Regulatory Writer – Remote – Studentjob.co.uk
Regulatory Writer – Remote – Studentjob.co.uk
2 days ago Be among the first 25 applicants
We are currently partnering with a leading global medical communications agency to support their search for an experienced Regulatory Medical Writer. This is a fantastic opportunity to contribute to meaningful regulatory submissions across a variety of therapeutic areas, working with a highly collaborative and well-established team.
About the Role:
This position involves the development of high-quality, accurate, and compliant documentation to support global regulatory submissions. You will work closely with internal teams and external clients to ensure that deliverables meet both scientific and regulatory standards.
Key Responsibilities:
- Write and edit a variety of regulatory documents (e.g., clinical study reports, protocols, CTD clinical summaries, investigator brochures) across multiple therapeutic areas
- Ensure all documents are clear, accurate, and aligned with relevant regulatory guidelines and client expectations
- Review and quality-check clinical documentation, data outputs, and other supporting materials
- Liaise with client teams to manage timelines, address queries, and resolve content or compliance issues
- Conduct background research to confirm references and stay aligned with current regulatory requirements
- Work across multiple projects while maintaining high standards and meeting deadlines
Requirements:
- Previous experience producing regulatory documentation within a medical communications agency or pharmaceutical environment
- Strong understanding of regulatory writing standards and processes (e.g., ICH, GCP)

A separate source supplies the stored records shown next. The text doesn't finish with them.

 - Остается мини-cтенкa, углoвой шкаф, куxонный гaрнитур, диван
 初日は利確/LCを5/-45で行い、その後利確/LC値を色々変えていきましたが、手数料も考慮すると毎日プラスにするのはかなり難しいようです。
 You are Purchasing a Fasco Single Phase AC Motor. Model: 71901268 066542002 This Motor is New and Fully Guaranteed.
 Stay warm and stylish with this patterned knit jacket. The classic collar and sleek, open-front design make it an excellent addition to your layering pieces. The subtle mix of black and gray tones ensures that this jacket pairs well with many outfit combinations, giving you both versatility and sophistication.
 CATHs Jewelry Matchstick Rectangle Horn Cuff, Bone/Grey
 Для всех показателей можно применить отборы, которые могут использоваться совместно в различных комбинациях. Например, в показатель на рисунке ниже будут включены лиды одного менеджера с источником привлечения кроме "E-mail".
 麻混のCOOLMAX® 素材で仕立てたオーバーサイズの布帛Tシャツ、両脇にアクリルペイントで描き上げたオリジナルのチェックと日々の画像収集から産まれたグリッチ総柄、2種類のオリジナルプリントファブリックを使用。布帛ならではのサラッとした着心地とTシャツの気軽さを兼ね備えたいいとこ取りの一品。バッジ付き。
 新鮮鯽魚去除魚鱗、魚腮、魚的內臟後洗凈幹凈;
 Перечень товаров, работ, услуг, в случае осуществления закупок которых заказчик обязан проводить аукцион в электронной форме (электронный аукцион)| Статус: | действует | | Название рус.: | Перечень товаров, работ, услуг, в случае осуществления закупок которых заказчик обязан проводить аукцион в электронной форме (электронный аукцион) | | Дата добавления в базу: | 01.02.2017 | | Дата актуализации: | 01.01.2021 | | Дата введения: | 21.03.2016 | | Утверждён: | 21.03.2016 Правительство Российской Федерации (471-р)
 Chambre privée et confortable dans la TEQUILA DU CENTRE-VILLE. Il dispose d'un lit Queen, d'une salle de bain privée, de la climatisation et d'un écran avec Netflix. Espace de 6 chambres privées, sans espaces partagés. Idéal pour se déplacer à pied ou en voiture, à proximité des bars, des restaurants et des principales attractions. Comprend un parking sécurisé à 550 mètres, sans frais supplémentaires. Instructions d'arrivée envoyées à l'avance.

- Life sciences degree (advanced degree preferred)
- High attention to detail, critical thinking, and the ability to work independently or as part of a team
- Experience with reviewing protocols, statistical analysis plans, and clinical data
- Excellent verbal and written communication skills
What’s on Offer:
This role offers the opportunity to work in a high-impact environment with a global client base, excellent support systems, and the ability to work remotely or flexibly. You will also benefit from structured career development, internal training, and a strong culture of collaboration and professionalism.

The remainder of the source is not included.